Medical record analysis and review can be quite challenging even for the most experienced attorney. Cases that involve a medical component such as personal injury, workers’ compensation, product liability or medical malpractice have an extra dimension of complexity. Many attorneys find a medical review service highly supportive and use the same to make the most of their medical discovery documents. A complete medical chart would include an initial History & Physical, Orders, Physician Progress Notes, Nursing Notes, Lab data, Radiology Reports, Operative Notes, Operative Records/Consent Forms, Pathology, and Discharge Summary.
To avoid missing critical information and to ensure a successful outcome for the case, it is vital to establish a reliable process for reviewing the medical records. As any seasoned medical review company would agree, creating a list of the documents needed is the best way to make sure that nothing is missed. To create a useful list and to identify missing information if any, you need to know what records to request and what to expect in a medical chart.
When requesting and organizing the medical records, you should have a clear understanding of the plaintiff’s complaints as regards malpractice or injury and the plaintiff’s view of what went wrong. Why is organizing, indexing and Bates stamping the medical records important before sending it to experts for review?
- The medical records collected may have to be referred to over a long period of time, maybe 2 – 3 years and if they are not maintained well it will delay every step of the litigation.
- When the records are organized in a logical sequence, it is easier and more comfortable for the medical review experts, and will speed up their analysis.
- When the medical record review is quick, it will be more cost-effective for legal professionals.
- Properly indexed and organized records are valuable when responding to motions, preparing questions for depositions and during discovery.
In any medical-legal case, after the initial medical record review, the need to collect additional documents may arise – documents that may not be included along with the medical records. These documents include the following and should be separately requested.
- Billing records: These are needed to understand what services were actually provided as well as to identify any negligence on the part of the provider.
- Autopsy records: Useful in cases involving unexpected or suspicious deaths.

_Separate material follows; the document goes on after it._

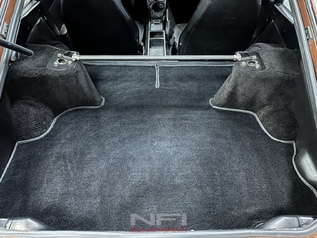 A few exterior details set it apart, including fender-mounted mirrors sourced from a Datsun 510 - an old-school JDM style cue that suits the lines of the early Z. Inside, the cabin is tidy with clean carpeting, bucket seats, a wooden steering wheel, and an upgraded Sony radio for modern usability.

- Emergency medical services transport records
- Emergency room logs
- Drugstore pharmacy records: Useful where a history of drug use is critical to the case as in adverse drug reactions or a matter of product liability.

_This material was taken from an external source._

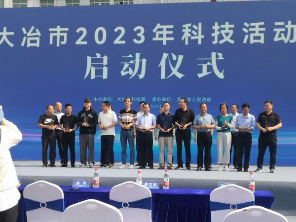 5月19日上午,我院科技特派员李煜林博士、李伟智博士受邀赴灵乡镇参加大冶市2023年科技活动周启动仪式。在启动仪式上,大冶市科技局宣读了获得2022年优秀科技特派员名单,我院陈亮博士获大冶市科技局2022年优秀科技特派员,李伟智博士代表陈亮博士上台领奖。随后,李煜林博士代表学院和大冶市林丰生态农业有限公司签许产学研合作协议、共建实习基地协议。

- Fetal monitor strips, which are part of the mother’s medical record, may prove important in birth injury cases.
- Operating room logs, which may contain important information regarding the plaintiff.

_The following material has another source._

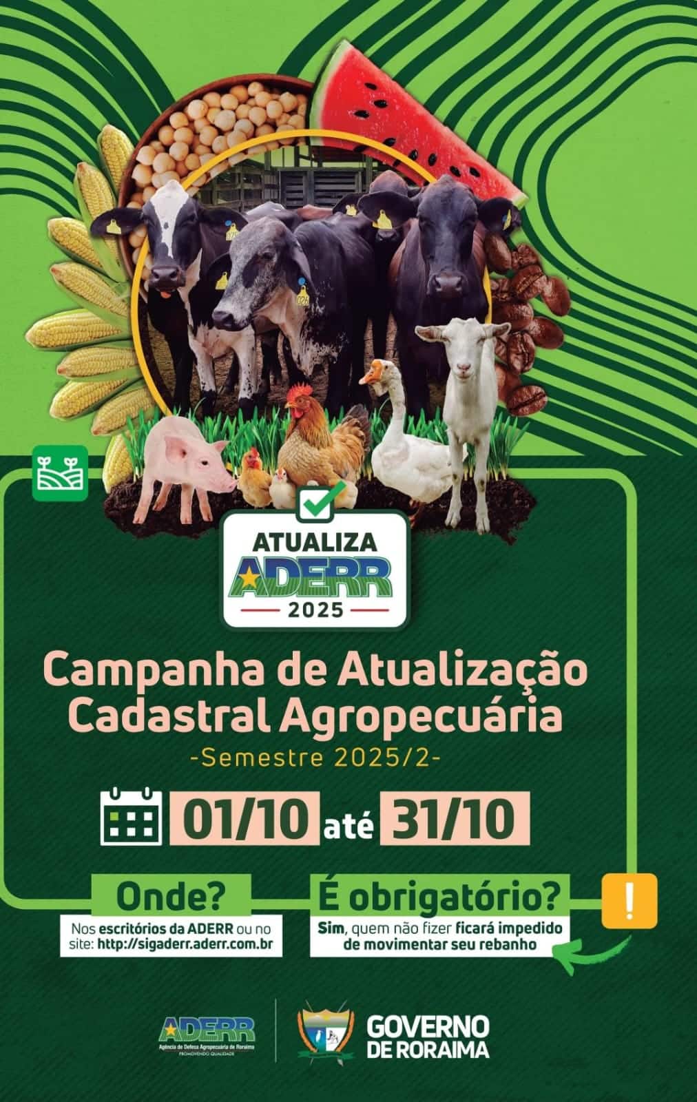 O Governo de Roraima, por meio da Aderr (Agência de Defesa Agropecuária de Roraima), inicia no próximo dia 1º de outubro a Campanha de Atualização Cadastral de Rebanhos 2025. O prazo segue até 31 de outubro e é obrigatório para todos os produtores rurais do Estado.

- Laboratory logs become important when the medical chart does not document tests one may expect to have in the medical records based on the plaintiff’s health condition.
- Photographs and DVDs of tests and surgeries that may have been recorded / documented photographically or electronically.
Once the medical records are organized, the important facts have to be extracted into a chronology and summary to help tell the story of the patient. Chronologies and medical case summaries are indispensable for attorneys preparing a case for trial.
- Logically organized facts enable clear thinking.
- A good chronology helps ensure complete discovery. It gives a clear view of the facts that are disputed, and also provides an idea regarding the facts that may need more sources that are acceptable in court.
- It helps in easy communication among all members of the trial team.
- It assists in preparing for depositions, pretrial motions, opposing motions for summary judgment, settlement conferences and also during trial.
- A well-developed medical case chronology would clearly highlight all the key points and concerns as well as any defenses, helping the attorney to put together an efficient case strategy.
Often, expertise in the field of medicine or nursing on the part of the reviewer can prove advantageous during the medical record review process. The knowhow and practical experience of a medical or nursing professional who is a part of the medical review service team will help when there is the need to evaluate symptoms, treatment and outcomes to ensure they meet the standard of care. Only a professional can understand these aspects and their significance with regard to all body systems. Professionals in the field will be able to point out what constitutes below the standard of care, what would be considered “expected possible complications,” and so on. Organized and complete medical records will help save time spent on the review and costs involved, while providing attorneys with a clear understanding of the cases they are handling.